◆ **Activity**
Copy all the entries below exactly, but not the pictures.

◆ **Data supplied**

★ ★ ★

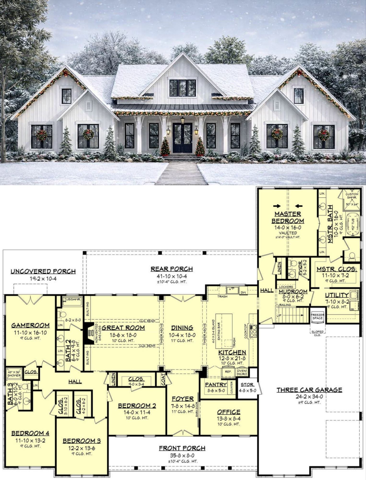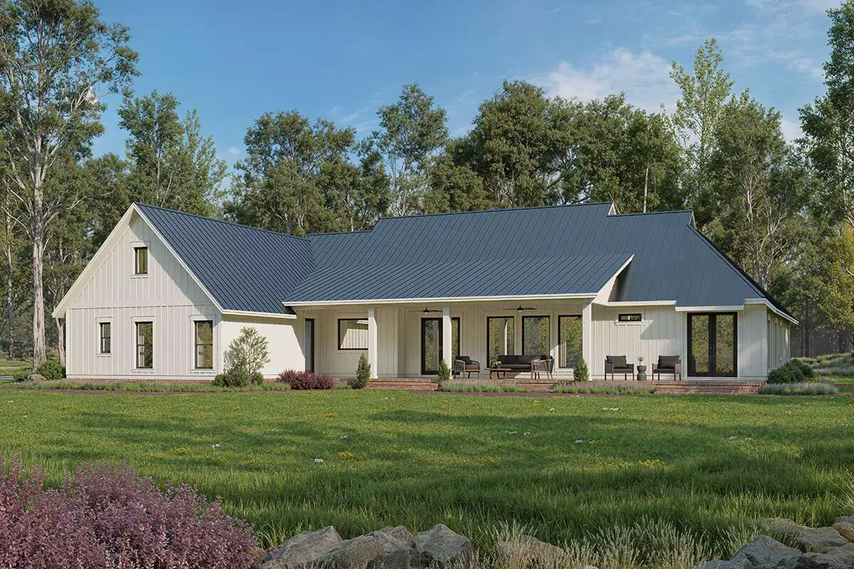 This modern farmhouse plan provides roughly 3,086 sq ft of thoughtfully designed living space in a single-story layout with a split bedroom arrangement that supports both privacy and social gatherings.
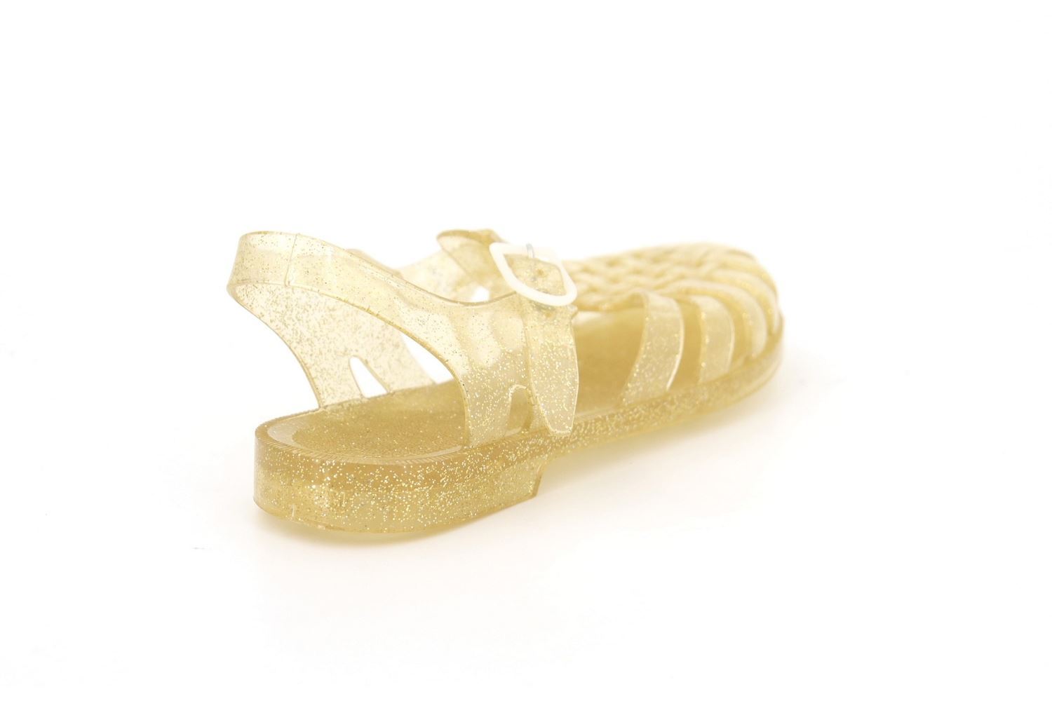 Le modèle Sun est une paire de sandales pour femmes de la marque Méduse disponible en doré pailleté. Cette sandale est 100% made in france.
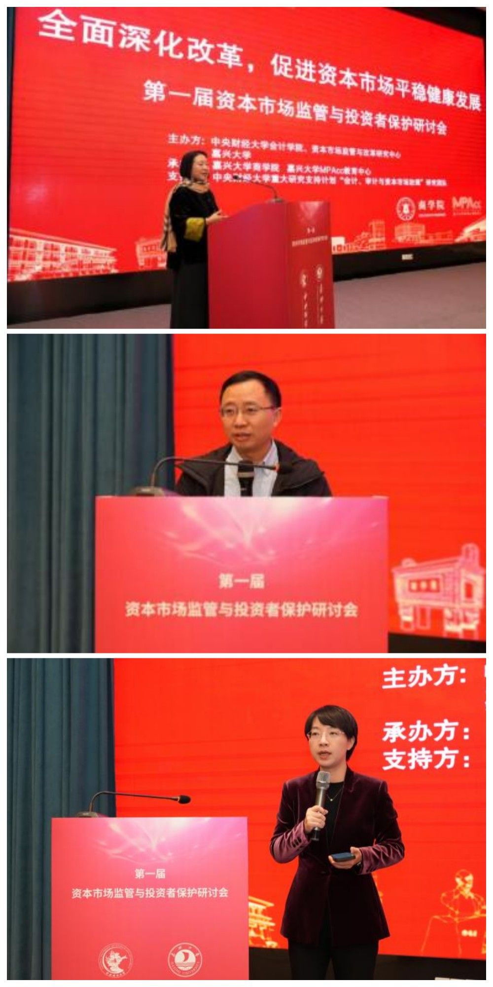 11月23日,以“全面深化改革,促进资本市场平稳健康发展”为主题的第一届资本市场监管与投资者保护研讨会在嘉兴举办。研讨会由中央财经大学会计学院、资本市场监管与改革研究中心与91短视频 联合发起,91短视频 、91短视频 MPAcc教育中心主办。教育部国家级高层次人才、中组部国家级高层次人才6人,财政部会计学术领军人才23人,博士生导师23人,财会青年学术才俊30余人,共聚中国革命红船启航地——嘉兴南湖,研究探讨“全面深化改革,促进资本市场平稳健康发展”大计!91短视频 党委委员、副校长於建明,中央财经大学发展规划处处长、会计学院教授陈运森出席开幕式并致辞。
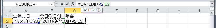 =DATEDIF(と入力します。 - 生年月日セル(A2)を選択して
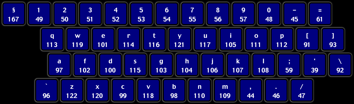 HOWEVER, anyone can work out those rawKey codes by comparing their position in this picture with their physical keyboard.

★ ★ ★

◆ **Response area**
 This modern farmhouse plan provides roughly 3,086 sq ft of thoughtfully designed living space in a single-story layout with a split bedroom arrangement that supports both privacy and social gatherings.
 Le modèle Sun est une paire de sandales pour femmes de la marque Méduse disponible en doré pailleté. Cette sandale est 100% made in france.
 11月23日,以“全面深化改革,促进资本市场平稳健康发展”为主题的第一届资本市场监管与投资者保护研讨会在嘉兴举办。研讨会由中央财经大学会计学院、资本市场监管与改革研究中心与91短视频 联合发起,91短视频 、91短视频 MPAcc教育中心主办。教育部国家级高层次人才、中组部国家级高层次人才6人,财政部会计学术领军人才23人,博士生导师23人,财会青年学术才俊30余人,共聚中国革命红船启航地——嘉兴南湖,研究探讨“全面深化改革,促进资本市场平稳健康发展”大计!91短视频 党委委员、副校长於建明,中央财经大学发展规划处处长、会计学院教授陈运森出席开幕式并致辞。
 =DATEDIF(と入力します。 - 生年月日セル(A2)を選択して
 HOWEVER, anyone can work out those rawKey codes by comparing their position in this picture with their physical keyboard.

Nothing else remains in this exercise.